However the earned income tax credit still lags behind the €1,650 automatic deduction available to PAYE workers.

shutterstock_452764327 Source: Shutterstock/Gajus

THERE WERE A number of good news stories for the self employed in today’s Budget.

A section of society that has been less than impressed for some time with the disparity in treatment between themselves and PAYE workers when it comes to benefits among other things, the sector has received a number of fillips today.

Michael Noonan today announced that from January 2017 the Capital Gains Tax (CGT) threshold on earnings for entrepreneurs will be decreased from 20% to 10%.

Also, the tax penalty for the self-employed  has been narrowed with the earned income tax credit rising by €400 to €950.
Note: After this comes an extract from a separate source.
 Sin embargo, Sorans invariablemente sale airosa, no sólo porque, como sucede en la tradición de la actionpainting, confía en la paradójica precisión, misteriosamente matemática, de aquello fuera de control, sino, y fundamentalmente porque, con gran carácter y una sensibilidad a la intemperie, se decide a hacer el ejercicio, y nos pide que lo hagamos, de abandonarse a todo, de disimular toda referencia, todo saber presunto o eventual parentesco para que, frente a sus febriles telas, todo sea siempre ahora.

This is however less than the €550 that was widely expected, and also leaves the sector lagging behind the automatic cutoff deduction for PAYE workers of €1,650.

The attempt to draw parity between self employed and PAYE workers had previously a three year term placed upon it, albeit, as Patricia Callan of the Small Firms Association (SFA) says it had been expected they would be “three equal years”.
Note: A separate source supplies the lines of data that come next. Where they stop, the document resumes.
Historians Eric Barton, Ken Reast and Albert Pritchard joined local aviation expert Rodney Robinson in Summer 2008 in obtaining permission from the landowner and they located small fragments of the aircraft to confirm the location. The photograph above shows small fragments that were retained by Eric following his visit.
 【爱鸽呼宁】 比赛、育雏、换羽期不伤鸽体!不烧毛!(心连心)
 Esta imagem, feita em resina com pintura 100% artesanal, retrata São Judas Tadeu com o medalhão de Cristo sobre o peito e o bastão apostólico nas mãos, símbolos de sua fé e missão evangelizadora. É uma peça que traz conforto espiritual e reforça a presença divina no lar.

Callan sees today’s budget as something of a “missed opportunity”, particularly in the fallout from Brexit.

patric Patricia Callan Source: Rollingnews.ie

“The whole tone of today’s announcements were ‘tinkering’,” she told TheJournal.ie.

We still have the issue of the self-employed paying the additional 3% in USC (Universal Social Charge) on earnings over €100,000.
And the threshold for CGT is still €1 million. It’s £10 million in the UK. That’s not adaptable to the post-Brexit world. With margins tightening after Brexit, you are going to see firms going straight to the UK rather than setting up here.

Callan says that the budget they have seen is “not at all Brexit-proof”.

“Hopefully the measures introduced will bring capital back into the market, but we need more support for small businesses should they fail,” she says.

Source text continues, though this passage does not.